“˜Shantytown”™ event raises awareness of local poverty, homelessness

“Shantytown” gives area residents a small  taste of what homeless people go through on a daily basis.

The annual Shantytown event is presented by The Door Youth Centre in downtown Fergus to draw attention to the issues of homelessness and poverty in the local and rural community.

Centre Wellington director Doug Calder hopes the annual event, held this year from Sept. 18 to 19, gives participants ideas or inspires them to find creative ways to change the nature of local homelessness.

Calder noted that “when a large factory closed down a few years ago, the food bank had a 136 per cent increase in usage. From that we know that homelessness and the challenges of poverty are on the increase.”

Calder explained, “Homelessness can be not having a house, but it can also be couch surfing or broken relationships, jumping from place to place without really having a place to call home.”

He noted, “People in true poverty or homeless situations generally don’t get out of it by hanging around other homeless people,” but in mixed groups, they can find supports in the community to escape poverty.
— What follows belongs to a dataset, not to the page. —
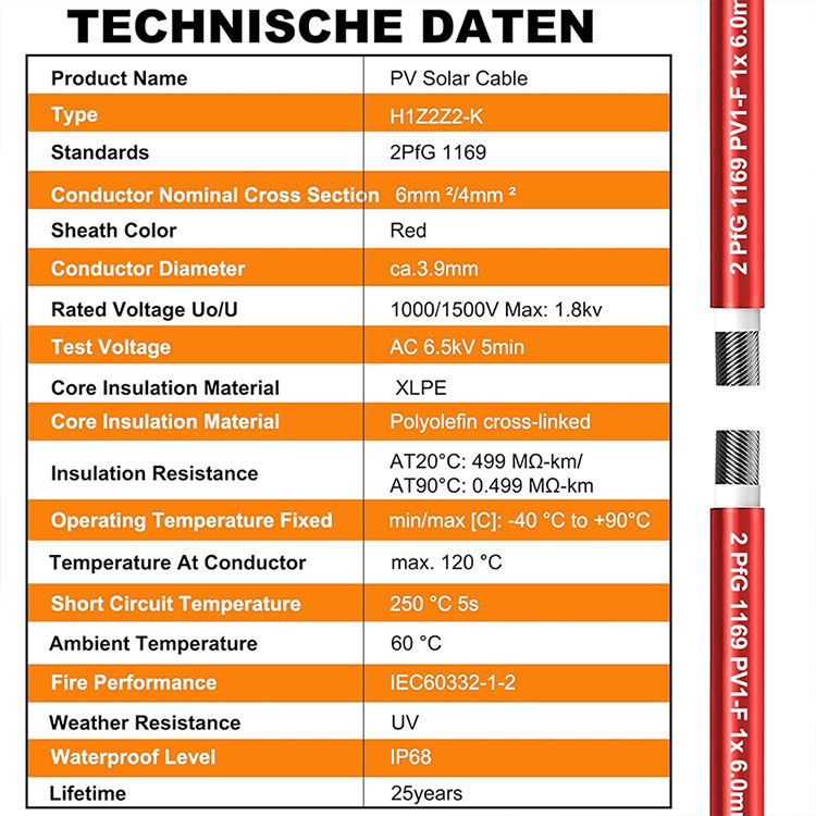 ສາຍໄຟແສງຕາເວັນ Photovoltaic ມືອາຊີບ: ສາຍຂະຫຍາຍແຜງແສງອາທິດນີ້ຕອບສະຫນອງມາດຕະຖານ TUV ສໍາລັບຄໍາຮ້ອງສະຫມັກແສງຕາເວັນ photovoltaic ແລະສາມາດນໍາໃຊ້ໃນສະພາບແວດລ້ອມທີ່ຫຼາກຫຼາຍເພື່ອຮັບປະກັນຄວາມປອດໄພຂອງວົງຈອນ. ພື້ນທີ່ຕັດ: 6mm2, ລະດັບອຸນຫະພູມ: ສະພາບແວດລ້ອມ -40 ° C-90 ° C, ແຮງດັນການທົດສອບ: 6500V, ແຮງດັນໄຟຟ້າຈັດອັນດັບ: DC1500V, ຄວາມຕ້ານທານ conductor: (20 ° C) ≤≤5.09Ω / KM, ການຕໍ່ຕ້ານສະພາບອາກາດ: UV, ອັດຕາປະຈຸບັນ: 57A.

“If people who have spare time and cash take people out for a bite to eat … and invest time in a relationship with them … it tends to raise the ability of those people to escape poverty and homelessness.”

Calder said Centre Wellington is soon going to reach 40,000 residents and he wondered if the area has “the social network … to reach the at-risk youth” and if there are “enough adults around to … give them the tools to escape the situations they are in.”
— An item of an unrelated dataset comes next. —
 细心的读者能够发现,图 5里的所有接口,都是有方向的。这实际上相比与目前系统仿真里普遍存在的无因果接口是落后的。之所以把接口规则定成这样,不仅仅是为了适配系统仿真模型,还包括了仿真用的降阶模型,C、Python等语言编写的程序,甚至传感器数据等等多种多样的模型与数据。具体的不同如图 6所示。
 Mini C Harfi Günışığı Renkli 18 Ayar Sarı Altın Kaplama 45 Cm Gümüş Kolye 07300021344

He noted, “Sometimes a lot of ‘at risk’ events are happening right after school, when they used to happen late at night.”

Seirra Kraehling said The Door offers the chance to get to know new people and discover their stories and what they are going through.

“I’ve gone through a lot of personal stuff and Rowan (Greig) has gone through the same thing,” said Kraehling.

Greig added the centre offers a lot of personal support.

“If you have gone through stuff … you can pull a volunteer off to the side and you can talk to them about anything and they won’t judge you,” she said. “They even got us to start going to church and stuff.”

Both noted they went on numerous trips over the summer.